File header tags are presented in the following order, starting at the beginning of the file.
Type | Tag | Purpose |
File header start | <H0vv> | SBF file version information. (vv = 00 for initial version). This must be the first token of the file, if present. This is where a shift to Unicode may happen in the future. Any text before this tag is ignored. |
Long translation title | <H1> | Set the long title of the translation for printing at the beginning and for long window titles or headings. Should precede the main text of the Bible (i.e., The Holy Bible, Gods Living Word Translation; or American Standard Version). |
Translation abbreviation | <H2> | Set the short translation title or abbreviation (i. e., GLW, ASV, NASB 1995, NJB, Amplified, etc.) |
Copyright notice (short) | <H3> | Short copyright notice (minimal) if copyrighted or something like "KJV text is in the Public Domain." |
Copyright notice (long) | <H4> | Copyright and permissions notice (full text). The copyright notice ends when the next field (probably <TI>) starts. |
File body tags are used as necessary to mark the type of content of the text.
Type | Tag | Purpose |
Apocrypha | <BA> | Text of the Apocrypha/Deuterocanonical books |
Commentary | <BC> | Commentary (not normally used in Bible texts but in separate files with sync marks). |
Introduction to translation | <BI> | Notes to the reader, translation history, etc. |
New Testament Text | <BN> | Text of the 27 books of the New Testament |
Old Testament Text | <BO> | Text of the 39 books of the Old Testament |
Book Preface | <BP> | Ancient or recent preface to a book of the Bible or Apocrypha |
File tail tags must be in the following order:
Type | Tag | Purpose |
Check value | <ZW> | Check value (SHA-1 hash of all lines from the beginning of the file to just before this line). Followed by 32 hexadecimal digits. SBF readers should reject any SBF File that fails this validation check. The hash value may optionally be followed by a DSS digital signature. |
Digital Signature | <ZX> | DSS Signature of file from <H0vv> to before <ZW> |
Registered user ID. | <ZY> | The user ID, name, organization, and check value of the registered user are encoded in this section. |
End of file | <ZZ> | Stop reading here. |
Type | Start Tag | Stop Tag | Purpose |
Psalm Book Title | <TB> | <Tb> | Mark the beginnings of the 5 books of Psalms |
Comment | <TC> | <Tc> | Ignore text in this section for any display or conversion use. |
Hebrew Title | <TH> | <Th> | Hebrew titles of psalms. The Hebrew title should come right after the sync marker for verse 1. |
Section header | <TS> | <Ts> | Translators or publishers section headers |
Book title | <TT> | <Tt> | Full title of the current book as it is to be displayed, i. e. "The Good News According to John" |
Font Attributes
Text attribute tag pairs are inserted into the text as necessary to indicate text attributes like italics. These may or may not be properly represented in all Bible viewers due to platform limitations. All of these text attributes are assumed to be off at the beginning of each chapter unless the start tag is explicitly repeated after the chapter sync mark.

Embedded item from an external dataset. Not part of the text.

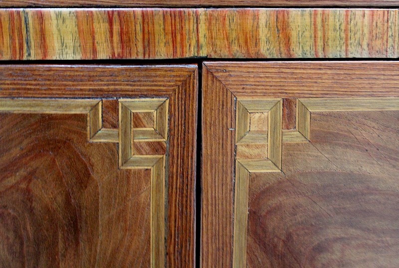 Les marquèteries sont encadrées de filets de bois teinté et de Citronnier.

Attribute | Start tag | Stop tag |
Bold | <FB> | <Fb> |
Small Caps | <FC> | <Fc> |
Italics | <FI> | <Fi> |
Font name | <FNname> | <Fn> |
Old Testament quote | <FO> | <Fo> |
Red (words of Jesus) | <FR> | <Fr> |
Superscript | <FS> | <Fs> |
Underline | <FU> | <Fu> |
Subscript | <FV> | <Fv> |
Paragraph Attributes
These tags describe attributes of paragraphs, like justification, indenting, etc. All of these attributes are assumed to be in the default state (non-indented prose, left justified, direction left-to-right) at the beginning of each chapter unless the appropriate start tag is repeated after the chapter sync mark. Justification tags are mutually exclusive, as are direction tags.

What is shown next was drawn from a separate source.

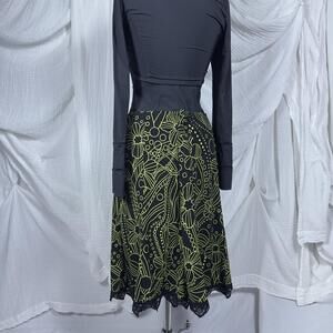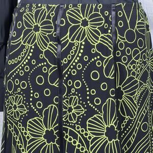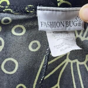 Black midi skirt with green floral and abstract patterns. Features a scalloped hemline with lace detailing. Size: Extra Large (XL). Brand: FASHION BUG. Condition: Very good pre-owned condition with no visible defects.

Attribute | Start Tag | Stop Tag | Comment |
Direction left-to-right (default) | <DL> | European & American languages | |
Direction right-to-left | <DR> | Hebrew, Arabic, etc. | |
Direction top-to-bottom | <DT> | Mandarin, etc. | |
Justify Center | <JC> | Useful for titles. | |
Justify Full | <JF> | Might map to left justification. | |
Justify Left | <JL> | The default method of justification. | |
Justify Right | <JR> | For "selah" | |
Indented quote | <PI> | <Pi> | Indented extended quotation. |
Poetry | <PP> | <Pp> | Describes poetry (like in Psalms). |
Information Tags
These tags provide various additional pieces of information about the text that are intended to be displayed on demand with a right mouse click, in a separate window, or at the bottom of a page. The start and stop tags indicate a range of words over which the footnote or reference apply. The sequence indicators shown as "seq" below are used to match the start and stop tags in case of overlapping references, and is a short string of numbers or letters that are guaranteed to be unique in the range of text they cover.

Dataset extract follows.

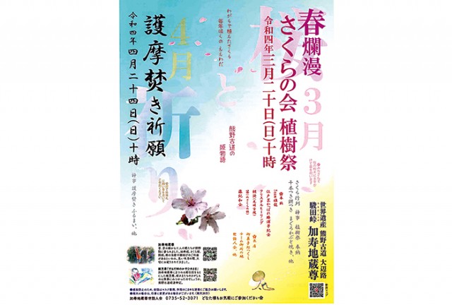 世界遺産の熊野古道「大辺路駿田峠」にある加寿地蔵尊で20日(日)午前10時から、春爛漫「さくらの会植樹祭」が開催される。加寿地蔵尊世話人会が主催。

Type | Start Tag | Stop Tag | Purpose |
Text with an embedded footnote. | <RB> | <RF> | The text between <RB> and <RF> is further described or has a comment or translator's note between <RF> and <Rf>. The text between <RB> and <RF> may be marked as having a hyperlink for a footnote pop-up, or may be marked with more conventional superscript indicators in printed text. |
Footnote text | <RF> | <Rf> | Embedded footnote text is between the <RF> and <Rf> tags. <RF> may or may not be preceded by <RB>. |
Parallel Passage | <RPseq Book ch:vs> | <Rpseq> | Book is a number or abbreviation without spaces. |
Cross reference | <RXseq Book ch:vs> | <Rxseq> | Book is a number or abbreviation without spaces. |
Word information tags:
Type | Tag | Purpose |
Strongs Greek Number | <WGnnn> | Ordinal number of Greek lexicon entry. |
Strongs Hebrew Number | <WHnnn> | Ordinal number of Hebrew lexicon entry for previous word. |
Interlinear translation | <WIword(s)> | words to be placed under the current word. |
Original Language word information | <WTxxxx> | xxxx are one or
more characters with specific meanings that apply to the previous words tense,
gender, number, etc.: A = aorist P = plural S = singular [to be expanded] |
Sync Marks
Verse sync marks identify the current book, chapter, and verse. Each kind of sync mark is required at the beginning of the section (book, chapter, or verse) that it identifies. Sync marks may optionally be repeated within a section. If no specific number is specified in a sync mark, the number is assumed to be one more than the previous sync mark of the same kind.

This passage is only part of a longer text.